Udì un cigolio: una gruccia si mosse, oscillando lenta, benché la finestra fosse chiusa e l’aria fosse immbile. Si fece il segno della croce con la stessa velocità con cui, anni prima, aveva afferrato un coltello per scacciare un vagabondo dalla sua cucina.

Dietro le giacche color pastello, intravide un rotolo di carta ingiallita. Lo srotolò: erano pagine di un quaderno, fitte di una scrittura storta e furiosa. Il Signore non guarda ai vestiti che indossiamo, ma a quelli che ci togliamo davanti a Lui, diceva una riga. Un’altra: Ogni stagione persa è un debito che si accumula.

Il cuore le batteva forte, ma non di paura: di rabbia.
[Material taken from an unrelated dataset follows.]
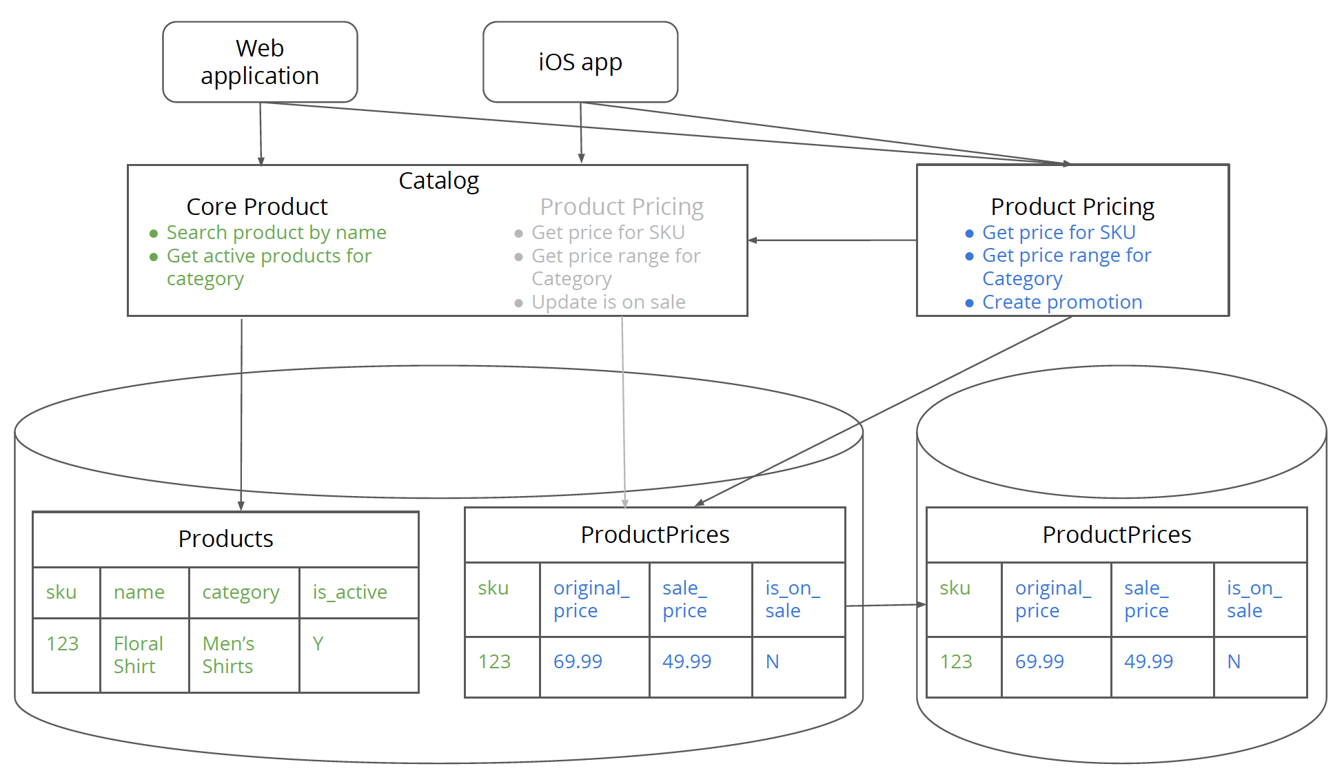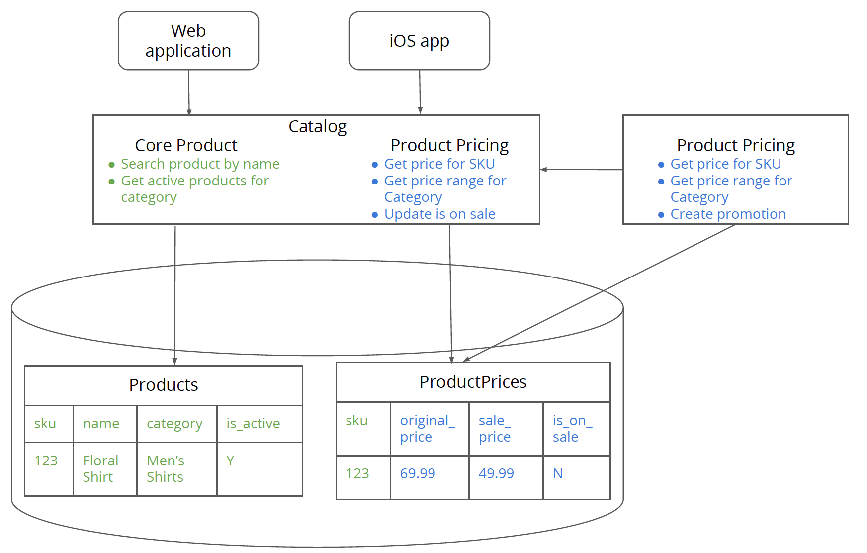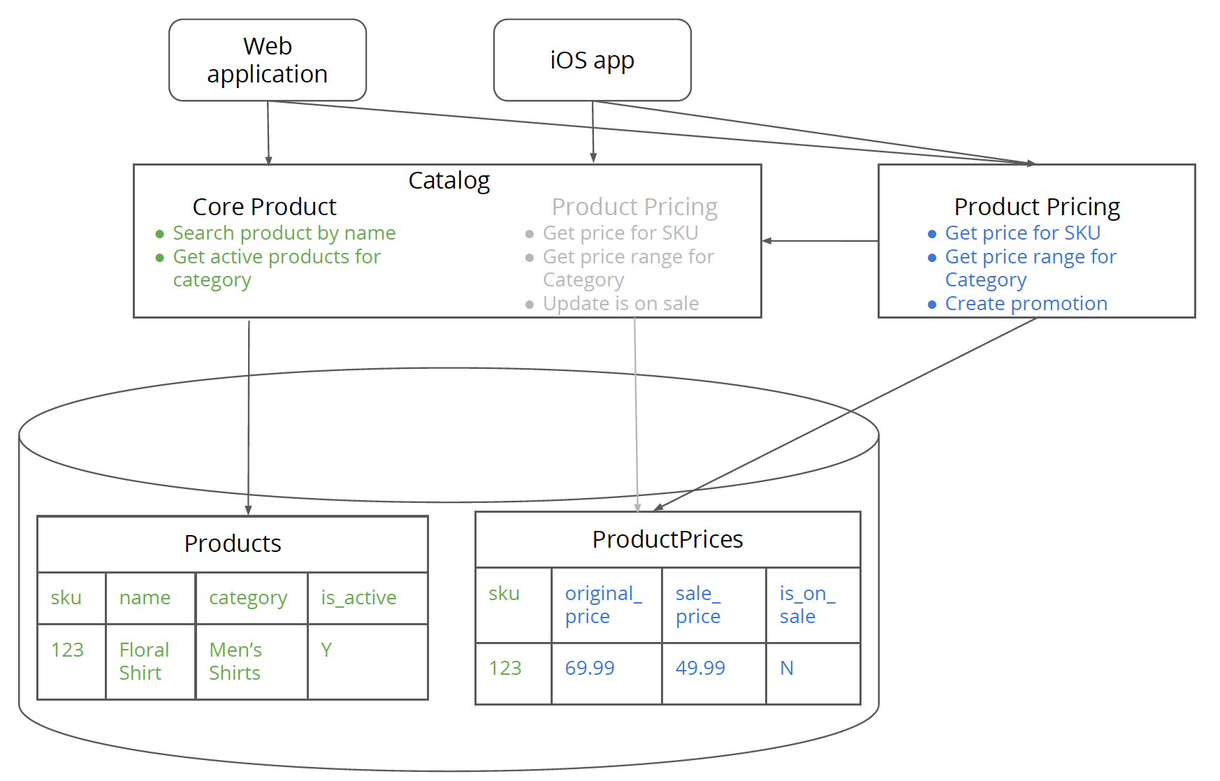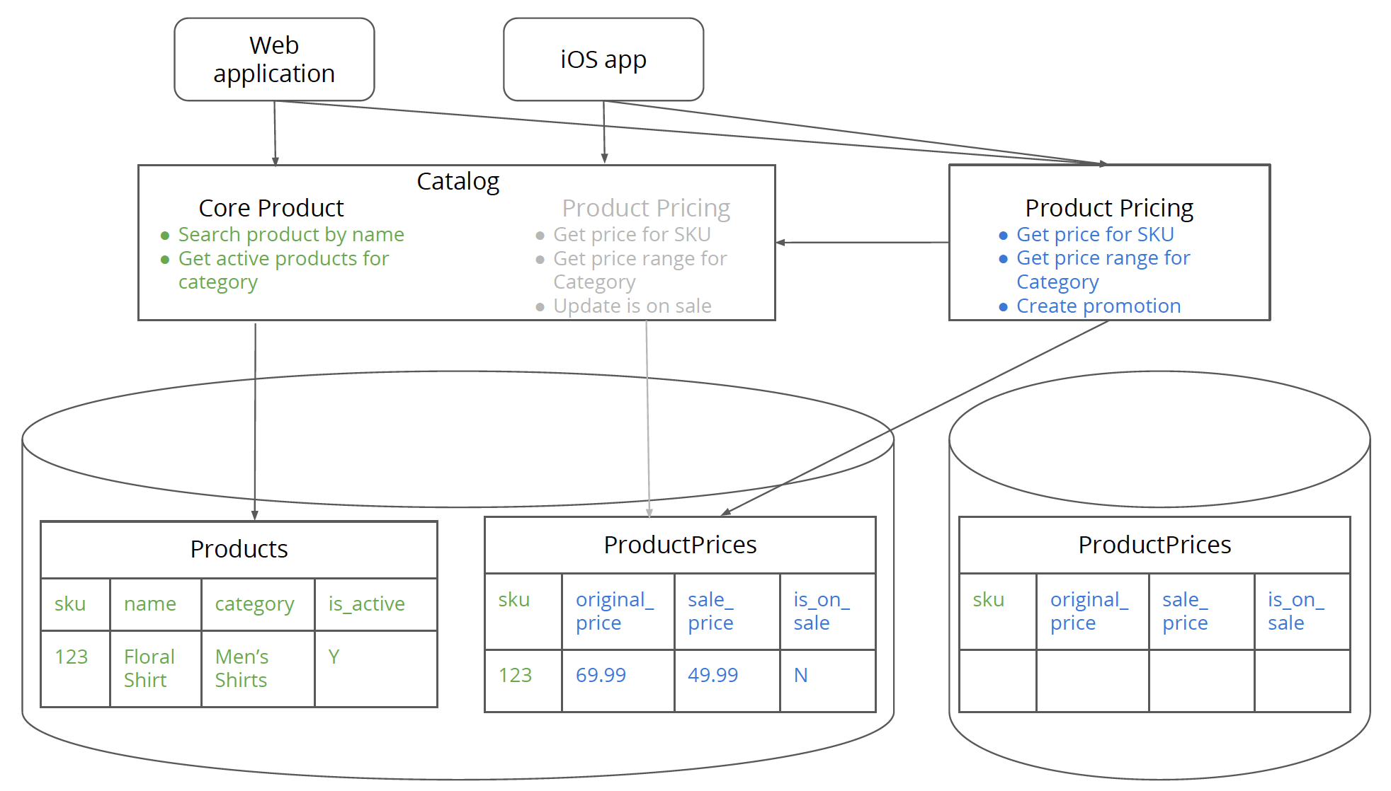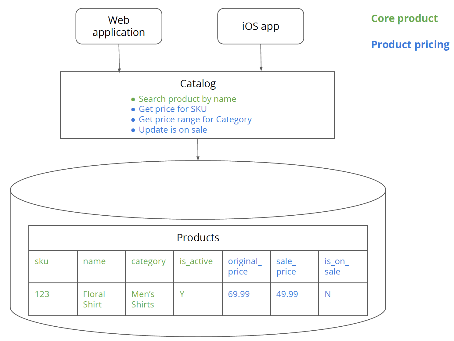 Figure 1: Catalog monolith consists of the application logic and database for core product as well as product pricing. The Catalog monolith has two clients – the web application and iOS app.

Quelle frasi suonavano come accuse. Riarrotolò le pagine con stizza. Subito dopo le sembrò di udire un fruscio dietro di lei. Si voltò di scatto, come se qualcuno fosse alle sue spalle, e non vide che l’ombra del suo stesso corpo.

«Sciocchezze» sibilò. «Fantasie da zitella».

Chiuse l’armadio con uno strattone. Ma, appena fuori dalla stanza, sentì ancora il cigolio della gruccia, ritmico come un pendolo, come se qualcuno contasse il tempo che le restava.